After its passage in the House, TikTok CEO Shou Zi Chew said that the bill would take “billions of dollars out of the pockets of creators and small businesses”.

“It will also put more than 300,000 American jobs at risk and it will take away your TikTok,” Mr Chew said in a video posted on TikTok and on X, formerly known as Twitter.

On Wednesday, several TikTok “creators” told the BBC they feared for their livelihood and businesses if the bill becomes a law.

“I buy items from small businesses and showcase them on my platform – I enhance them,” said Ophelia Nichols, an Alabama-based creator with more than 12m followers on the platform. “It’s the small businesses that will suffer…you have to worry about that.”
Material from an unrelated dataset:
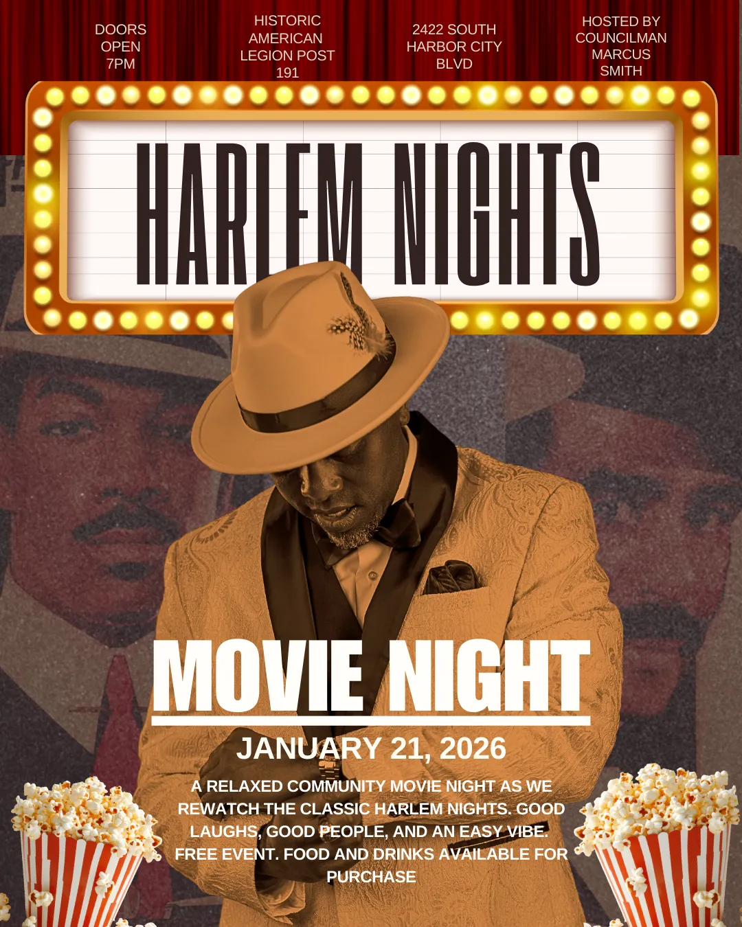 Join us for a screening of the classic comedy Harlem Nights on Wednesday, January 21, 2026. Doors open at 7 PM at the Historic American Legion Post 191. Enjoy laughs, fellowship, and a relaxed community vibe. Food and beverages available for purchase.

This argument rests upon the assumption that China would rather shut down TikTok completely than sell it to an American firm. The BBC quotes the company’s CEO complaining that “billions of dollars” would be taken “out of the pockets of creators and small businesses” and that “more than 300,000 American jobs” would be put “at risk,” and it quotes an Alabama resident who is worried that the “small businesses . . .  will suffer” if TikTok goes away. But, if the bill passes, that decision will not be in the hands of the U.S. Congress, but of the Chinese Communist Party. Congress has decided — correctly, in my view — that an app as (deliberately) intrusive as TikTok should not be under the control of the CCP. It has not decided that TikTok should not exist.

That certainly represents a change — and a change that is the product of  government force. It is not, however, the change that TikTok’s management keeps talking about. That is important. It’s also telling. If, as the CCP keeps implying, it would prefer to kill the company than to sell it for billions of dollars, then that is on it — and it will give us a solid insight into why China developed the platform in the first place.